Intro / Background / Example
A recent article connecting pollen with covid-19 has gone viral this week.
Higher airborne pollen concentrations correlated with increased SARS-CoV-2 infection rates, as evidenced from 31 countries across the globe PNAS March 23, 2021 118 (12) e2019034118
The third figure in that article sketches a correlation, which is used in a remarkable way.
Fig. 3 Bag plot depicting the date of onset of SARS-CoV-2 exponential infection phase. Date of onset of the exponential infection phase (x axis) across all sites versus the average pollen concentration of the previous 4 d (y axis).
It shows a (weak) correlation between pollen and time. We see that later in the month March there have been more higher pollen concentrations than earlier in the month March.
The remarkable thing about this correlation is that the time points have been chosen by some measure for the onset date of the covid-19 epidemic in various places (which happened around 13 March for this sample).
Due to this, the authors argue that there is some relation between the onset date of the covid-19 epidemic and pollen concentrations (which is subtly different from a relation between time and pollen concentrations).
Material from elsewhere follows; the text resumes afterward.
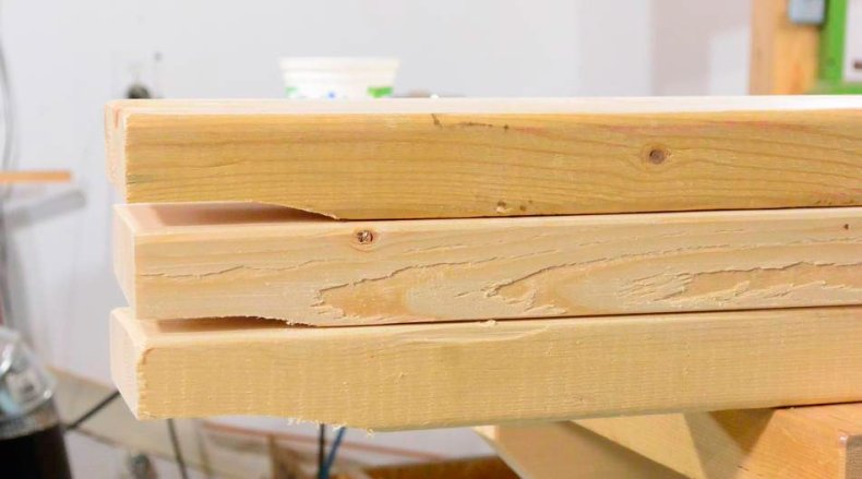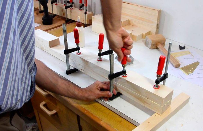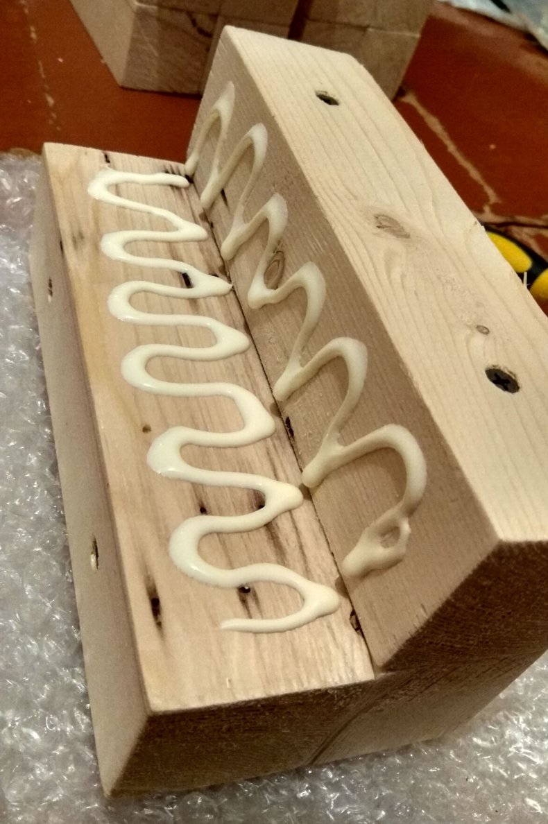 - Брусья первого слоя покрываются клеем, поверх улаживаются бруски второго ряда, стягиваясь саморезами.

On a cross-sectional design for all 80 regions under study, it was found that the onset date of the exponential phase per region positively and significantly correlated with the cumulative amount of pollen up to 4 d before (P < 0.001, r = 0.25)
However, the onset date has nothing to do with the found correlation. We can see this when we plot all the time series entirely and with the points from the onset day in Fig. 3 overlayed.
The onset dates have little to do with the pollen concentrations and any other random selection/filter of time points around 13 March would have likely made a positive correlation because there are more and higher pollen peaks later in March than at the beginning of March.
In fact, if pollen do have an effect, then a positive correlation with onset date should actually be argued to indicate that higher airborne pollen concentrations reduce the SARS-CoV-2 infection rates, as the later onset dates for regions with more pollen indicate that it took longer before the epidemic has grown to some level. The article completely reverses the potential meaning of the correlation in Figure 3.
Question
This link between the time points (the onset dates) and the pollen concentration is a non sequitur.
Is there for this particular fallacy, with the correlation of time points, a specific name? Or is there a text book reference that demonstrates this fallacy?
For instance, if I would like to shorten the above story/explanation and just say a single sentence like "In figure 3 they make the error/fallacy of .... " What name or textbook reference could we place on the points?
Fig. 3 Bag plot depicting the date of onset of SARS-CoV-2 exponential infection phase. Date of onset of the exponential infection phase (x axis) across all sites versus the average pollen concentration of the previous 4 d (y axis).